-3

I'm having an that I can simplify to the following situation in which I introduce a dataframe, I make a selection in a loop and make a new dataframe containing the subset of the old one that satisfy the conditions:

import pandas as pd
import intertools
g = ['M', 'M', 'F', 'F']
a = [20, 33, 20, 50]
Zip = [21202, 21018, 21202, 22222] 
d = [0, -3, 8]

parameters = (g, a)
names = ['gender', 'age']

df = pd.DataFrame({'age':a, 'gender':g, 'd':d, 'Zip':Zip})

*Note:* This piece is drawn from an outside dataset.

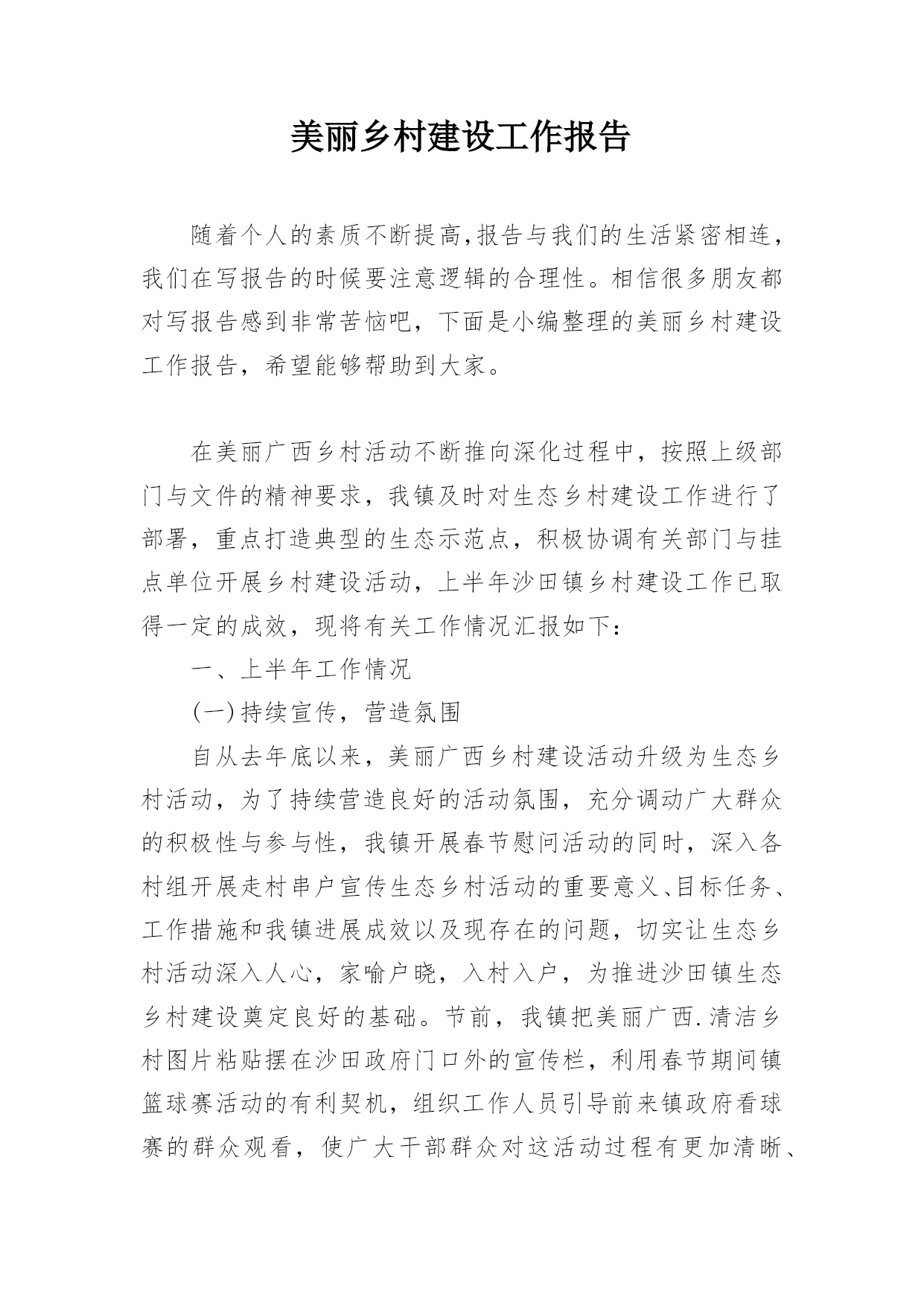 美丽乡村建设工作报告随着个人的素质不断提高,报告与我们的生活紧密相连,我们在写报告的时候要注意逻辑的合理性。相信很多朋友都对写报告感到非常苦恼吧,下面是小编整理的美丽乡村建设工作报告,希望能够帮助到大家。在美丽广西乡村活动不断推向深化过程中,按照上级部门与文件的精神要求,我镇及时对生态乡村建设工作进行了部署,重点打造典型的生态示范点,积极协调有关部门与挂点单位开展乡村建设活动,上半年沙田镇乡村建设工作已取得一定的成效,现将有关工作情况汇报如下:一、上半年工作情况(一)持续宣传,营造氛围自从去年底以来,美丽

for values in itertools.product(*parameters):
    thesevalues = ((df[names[0]] == values[0]) & (df[names[1]] == values[1]]))
    subdf = df[thesevalues]

Works just fine, but what if I want to also include the zip codes in the parameters, with the names. I would also have to manually introduce a third selection criterium in "thesevalues". I am probably overlooking the functionality to make this list of parameters that I want in that criterium to adapt to the list of parameters? A loop seems like a bad option... Is there another way? Thanks!

Marcel
  • 185
  • 1
  • 1
  • 7
  • your code does not really makes sense since you will subset ...all your dataframe by iterating on all combinations ... – Colonel Beauvel Aug 16 '16 at 09:45
  • Your code does not work. – ayhan Aug 16 '16 at 09:47
  • Yeah the code works and this is just a small sample as an example, in reality, many lines will be selected with one combination of parameters and I then need to add up one column that is not part of the selection. – Marcel Aug 16 '16 at 15:47

1 Answers1

0

IIUC you need numpy.logical_and:

parameters = (g, a, Zip)
names = ['gender', 'age', 'Zip']

df = pd.DataFrame({'age':a, 'gender':g, 'd':d, 'Zip':Zip})
print (df)

for values in product(*parameters):
    #http://stackoverflow.com/a/20528566/2901002
    thesevalues = np.logical_and.reduce([df[names[x]] == values[x] for x in range(len(parameters))])
    subdf = df[thesevalues]
    print (subdf)
jezrael
  • 822,522
  • 95
  • 1,334
  • 1,252